Depending on application and version, an oxygen sensor may be fitted (the system was originally designed for leaded fuel).
Once the ECU has received all the correct signals from its sensors, it will fire the injectors. The ECUs have 2 injection outputs, and the injectors are arranged in 2 "banks" which fire once every two engine revolutions. In an example 4-cylinder engine, one output controls the injectors for cylinders 1 and 3, and the other controls 2 and 4. The system uses a "cylinder ID" sensor mounted to the cam-shaft to detect which cylinders are approaching the top of their stroke, therefore which injector bank should be fired. During start-up (below 600 RPM), or if there is no signal from the cylinder ID sensor, all injectors are fired simultaneously once per engine revolution.

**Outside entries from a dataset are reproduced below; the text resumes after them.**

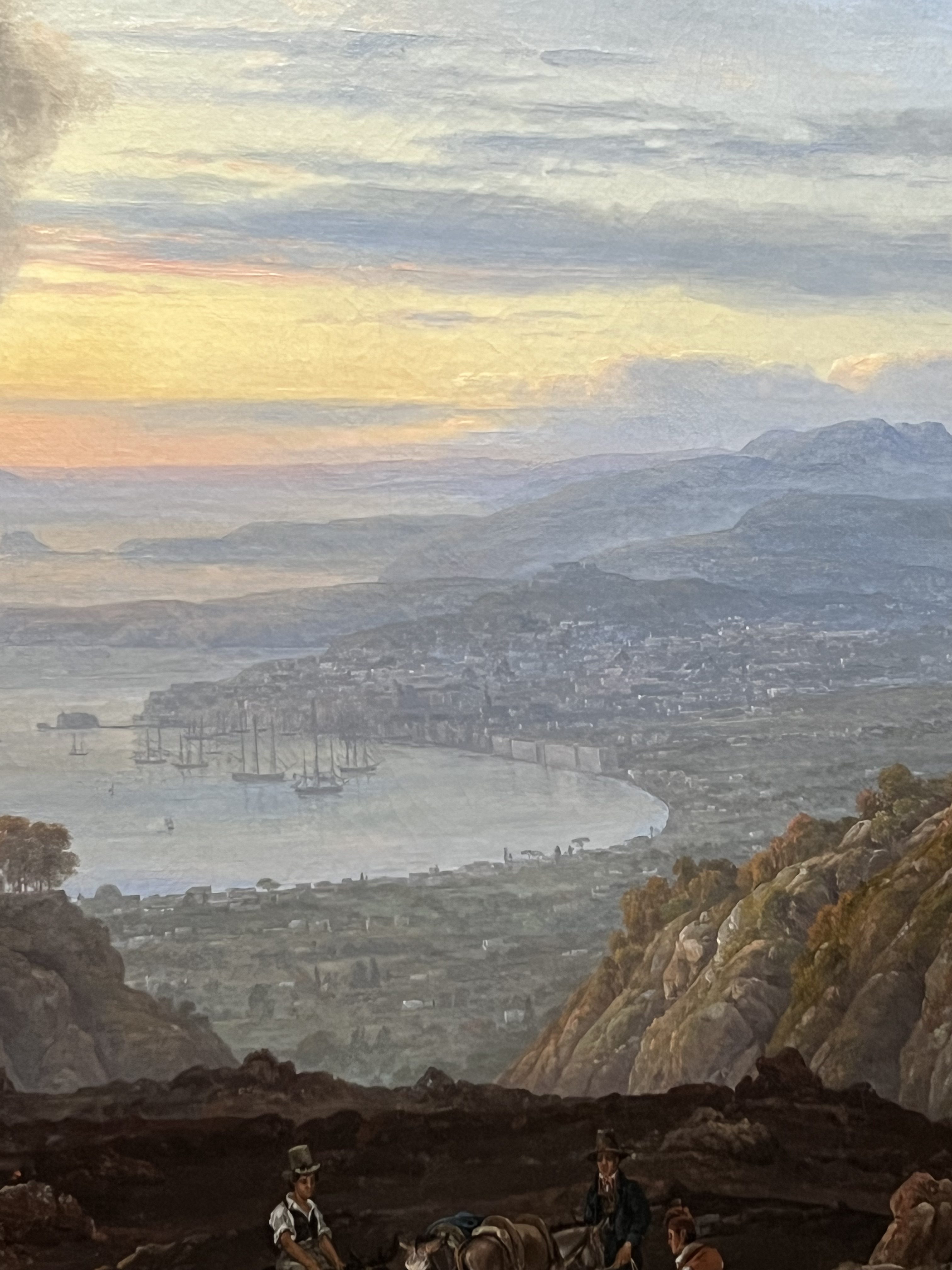 However, I love that behind this dark scene is a much brighter one. A beautiful sunset over a harbor, with the light from the sky coming down on everything surrounding it. You can see the foliage and houses far away, hopefully safe from Vesuvius. The blue light makes the town seem much farther away, while simultaneously giving a peaceful feeling for those below the mountains. The yellow in the sky still ties in with the eruption, just more subtly. The colors bring everything together into one cohesive piece, regardless of the different elements that were brought in.
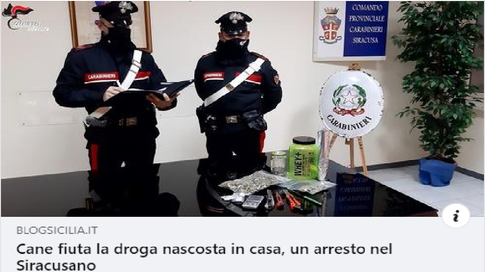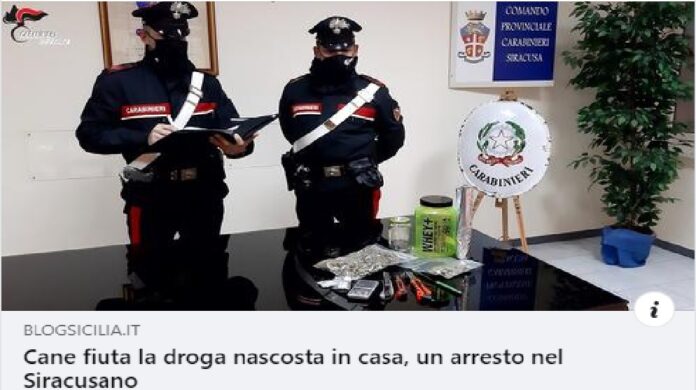 L’arresto a Canicattini dimostra quanto sia diffuso il consumo ed il commercio di droga nel Comune montano del Siracusano.
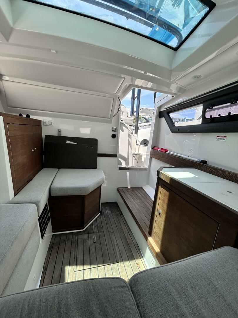 The forward cabin entryway is located at the helm. The cabin features a V-berth to accommodate two, a berth curtain, a bench seat, a sink with a cabinet, storage cabinets, courtesy lights, wood floor, blinds, and a toilet that is hidden by a folding cushion to create a bench seat.

|0261 200 174||Motronic||316i||1988 Onwards|
|0261 200 989||Motronic||316i|
|0261 200 157||Motronic||318i||1987 - 88|
|0261 200 175||Motronic||318i|
|0261 200 386||Motronic||318i|
|0261 200 387||Motronic||318i|
|0261 200 175||Motronic||318iS||1989 onwards|
|0261 200 172||Motronic||320i and 325i||1987|
|0261 200 381||Motronic||320i||1987 onwards|
|0261 200 164||Motronic||325i Auto||9/87 onwards|
|0261 200 073||Motronic||325i Chrome bumper||1985 - 87|
|0261 200 173||Motronic||320i and 325i Plastic bumper||9/87 onwards|
|0261 200 380||Motronic||325i||8/88 onwards|
|0261 200 071||Motronic||Early 195/200bhp M3 and Evo 1|
|0261 200 090||Motronic||M3 Evo II|
|0261 200 091||Motronic||M3 with 215bhp|
|0261 200 092||Motronic||M3 Sport Evo|
|0261 200 042||Motronic||325e||until 9/85|
|0261 200 087||Motronic||320iS|
|0261 200 074||Motronic||325e||9/85 onwards (Low compression)|
Converting to Motronic 1.3
Main article: Converting to Motronic 1.3
The last generation of the Motronic system, as fitted to all E30 models (excluding the 318iS). While Motronic 1.3 won't improve the performance of your engine much, it will give you greater access to spare parts to keep your car running, and fewer issues to fix in the future compared to the problematic and troublesome Jetronic systems.
The Motronic system can be 'chipped', which involves replacing the standard EPROM (Erasable Programmable Read Only Memory) chip with one containing a performance enhancing program or 'map' for improved driveability, throttle response, mpg, raised rev limit, etc. The flat spots are eliminated by removing the unnecessary parts in the standard program that are there to cater for low-grade fuels, high altitudes, etc. used in other parts of the world.
Chips can be found all over the internet, promising dramatic power increases, huge fuel savings and all sorts of other fantasies. While some chips can offer a noticeable improvement in either power or economy, chipping your car won't yield massive improvements. However, good chips can be found; check out our list of recommended chips.
Learn more about fitting a chip.
The existing EPROM can be blanked in an ultra-violet EPROM eraser and a new program burned into it using an EPROM programmer linked to a PC. This is referred to as a remap, commonly carried out while dyno testing for optimising the fuelling, etc.